» Data section
########################################
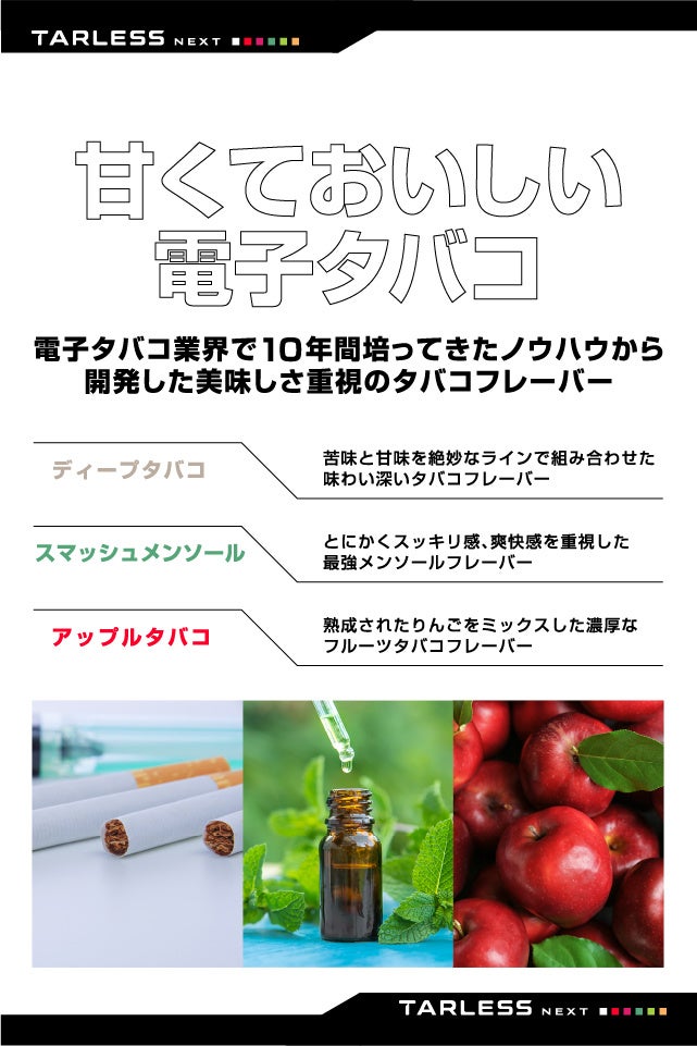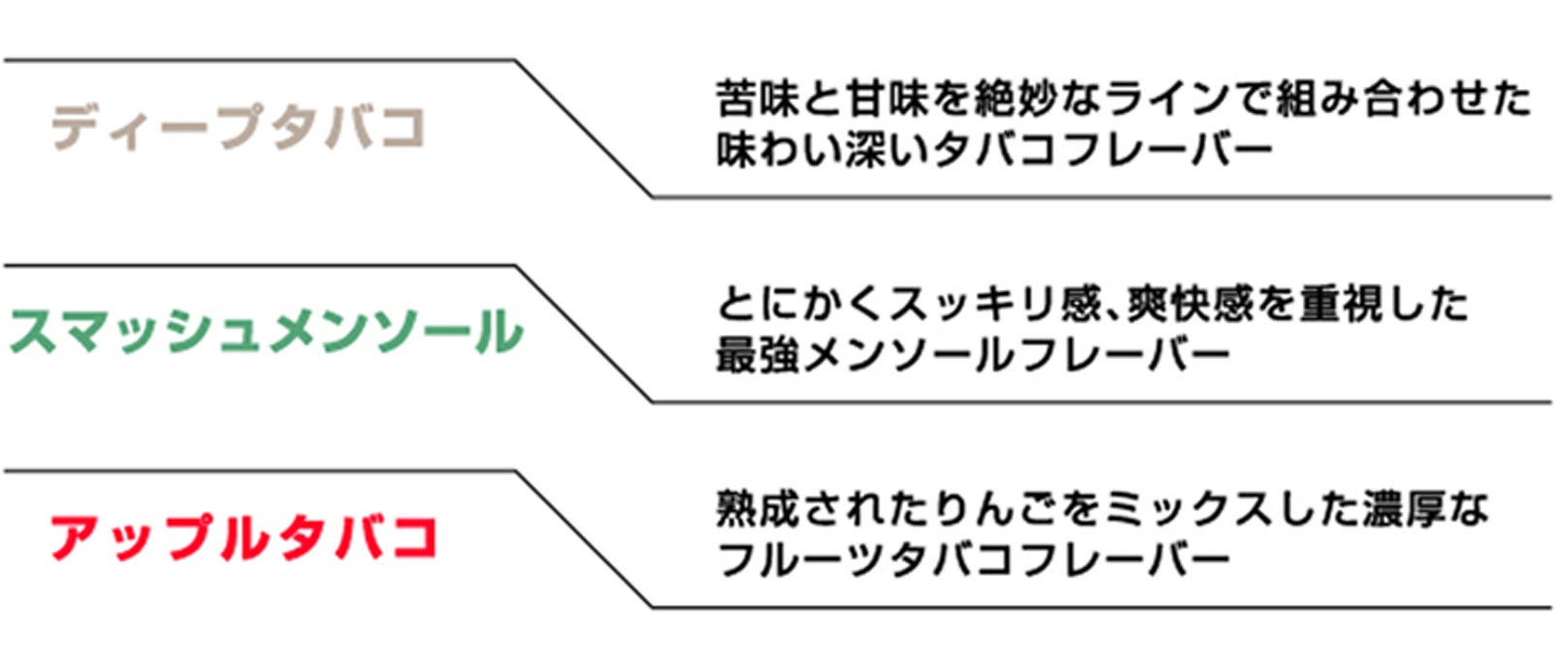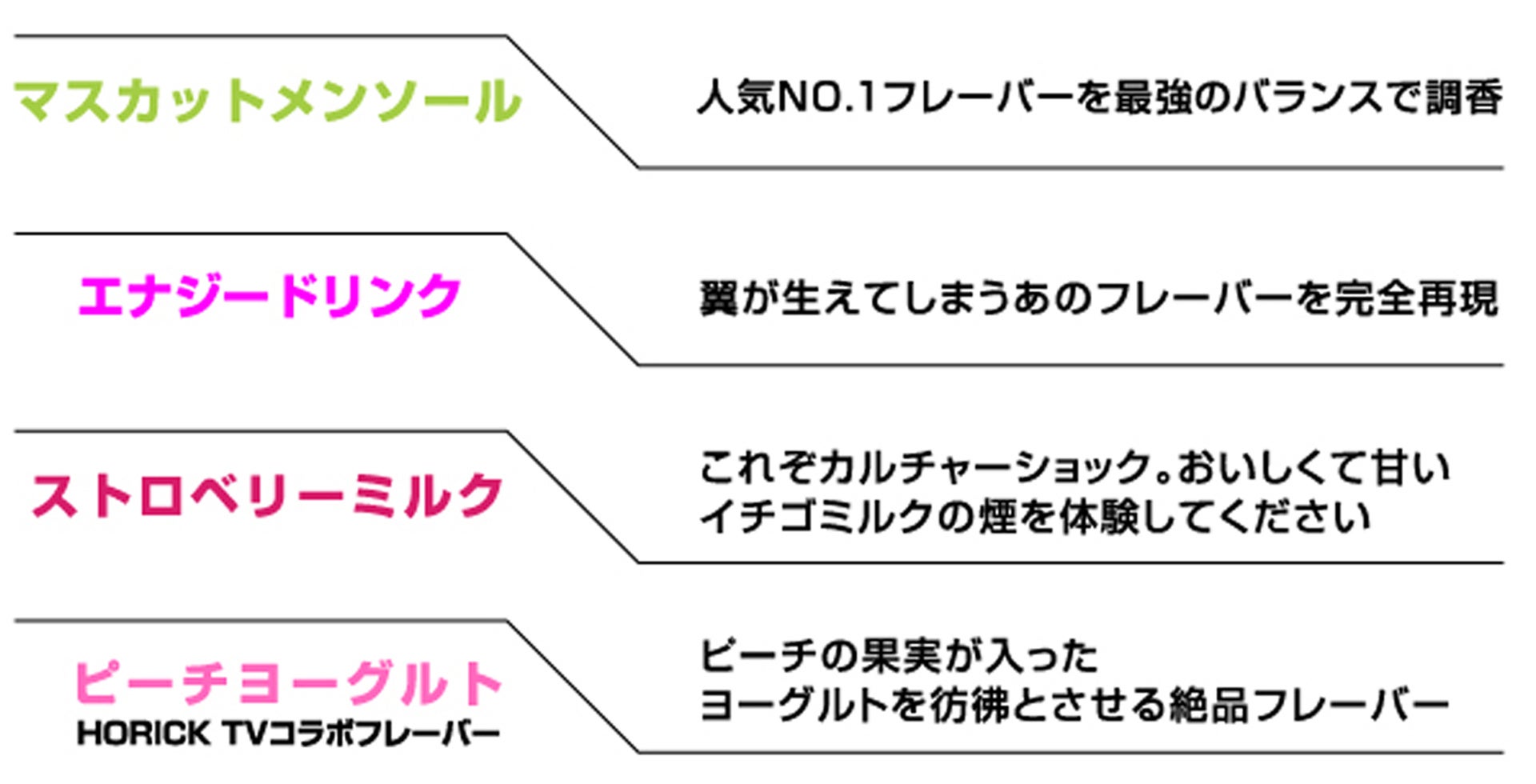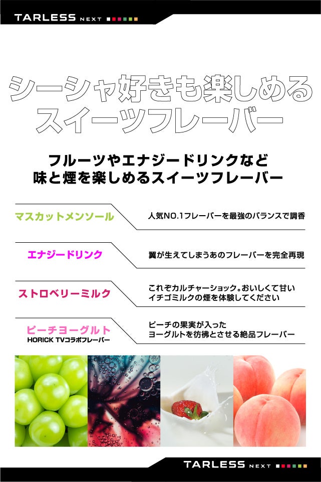喫煙者にとっては衝撃の『甘くて美味しいタバコフレーバー』が3種、シーシャ好きにとっては大満足の『スイーツフレーバー』が4種のフレーバーを採用。
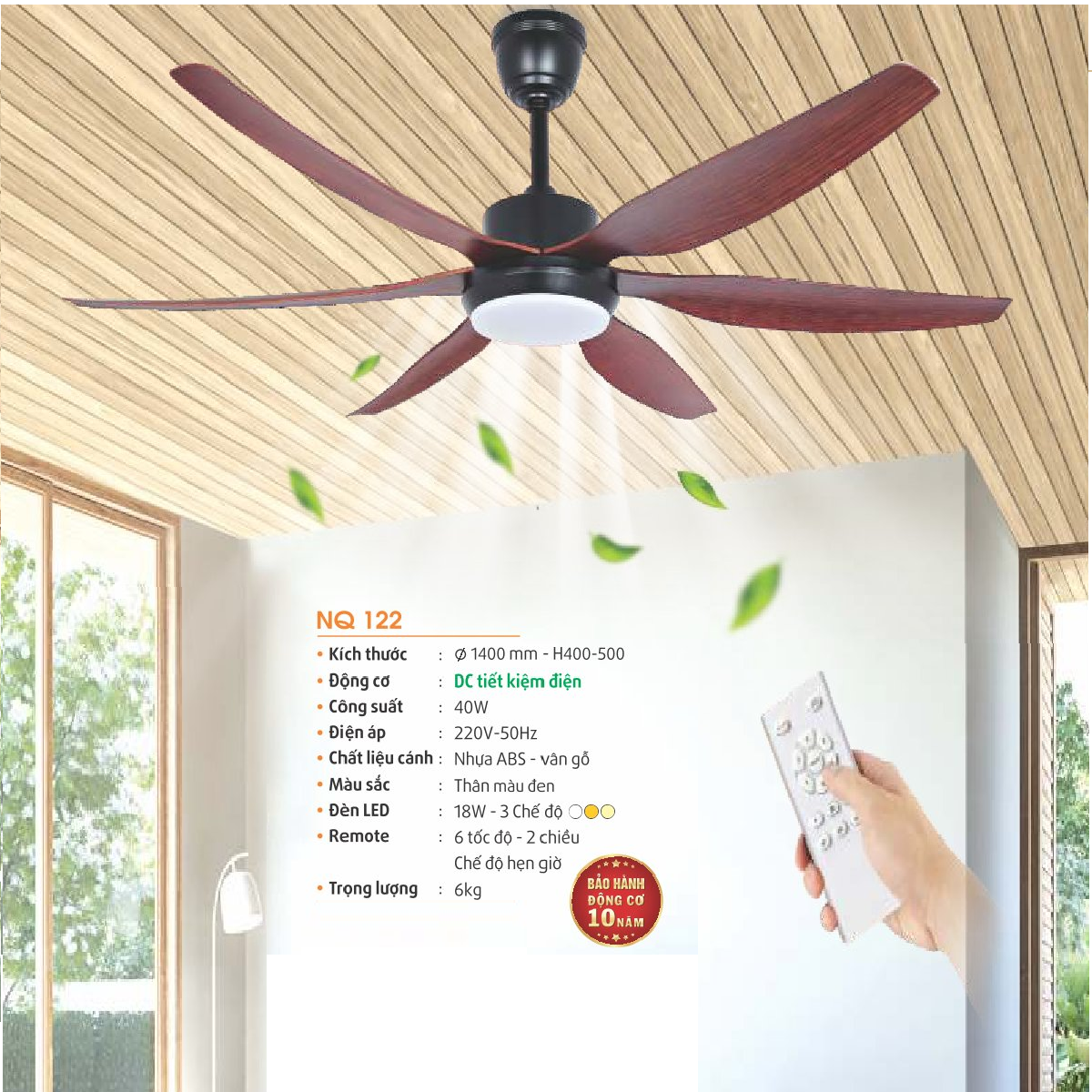 • Sản phẩm: NQ 122: Quạt trần đèn LED 6 cánh - KT: Ø1400mm x H400mm + 500mm - Đèn LED
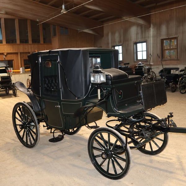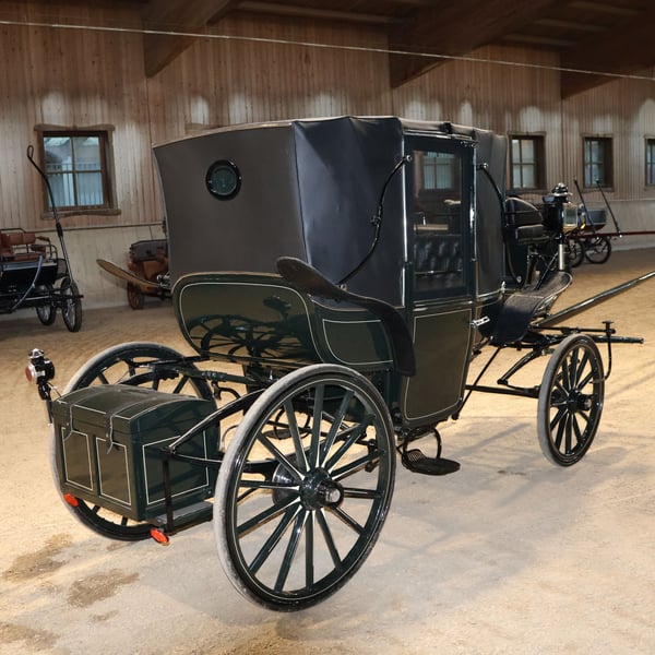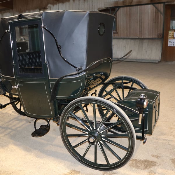 Wagon for Vis-à-Vis carriage, newly restored, 4-horse team, leather trunk Brand: / Type of carriage: Vis-à-Vis Type of horses: Large horses Team size: Up to 4 horses Condition: Like new Restoration: The carriage was fully restored a few years ago at a cost of approximately €10,000 and has not been driven since Drivability: Yes, the carriage is fully operational and handles without any issues Color: Dark green with white accents Included in delivery: See pictures If you require further information such as dimensions or additional photos, please feel free to contact us! The trunk also contains a cover tarp for the carriage as well as other accessories, which are included in the delivery. NOTE: The carriage is being sold on behalf of a private riding school closure. We will provide an invoice, but under §25a VAT margin scheme. Please understand that, due to the sale being on behalf of a third party, there may be delays of 1-2 days if you have any questions, as these need to be forwarded to the owner first. There is also a collection of pole or similar parts, some of which may fit the carriage. You are welcome to view on-site whether you want to keep any of these parts. Details can be discussed during a viewing. Pickup preferred! Delivery within a certain radius can be arranged for an additional fee—please contact us to clarify the details. 1-month return possible. 12-month warranty! Including invoice with VAT margin scheme under §25a UStG. If you have any further questions or suggestions, please feel free to contact us. More interesting items can be found on our shop page.
########################################
» Problem statement
Make an exact copy of the whole listing, but don't bring over any pictures.

» Answer box
喫煙者にとっては衝撃の『甘くて美味しいタバコフレーバー』が3種、シーシャ好きにとっては大満足の『スイーツフレーバー』が4種のフレーバーを採用。
 • Sản phẩm: NQ 122: Quạt trần đèn LED 6 cánh - KT: Ø1400mm x H400mm + 500mm - Đèn LED
 Wagon for Vis-à-Vis carriage, newly restored, 4-horse team, leather trunk Brand: / Type of carriage: Vis-à-Vis Type of horses: Large horses Team size: Up to 4 horses Condition: Like new Restoration: The carriage was fully restored a few years ago at a cost of approximately €10,000 and has not been driven since Drivability: Yes, the carriage is fully operational and handles without any issues Color: Dark green with white accents Included in delivery: See pictures If you require further information such as dimensions or additional photos, please feel free to contact us! The trunk also contains a cover tarp for the carriage as well as other accessories, which are included in the delivery. NOTE: The carriage is being sold on behalf of a private riding school closure. We will provide an invoice, but under §25a VAT margin scheme. Please understand that, due to the sale being on behalf of a third party, there may be delays of 1-2 days if you have any questions, as these need to be forwarded to the owner first. There is also a collection of pole or similar parts, some of which may fit the carriage. You are welcome to view on-site whether you want to keep any of these parts. Details can be discussed during a viewing. Pickup preferred! Delivery within a certain radius can be arranged for an additional fee—please contact us to clarify the details. 1-month return possible. 12-month warranty! Including invoice with VAT margin scheme under §25a UStG. If you have any further questions or suggestions, please feel free to contact us. More interesting items can be found on our shop page.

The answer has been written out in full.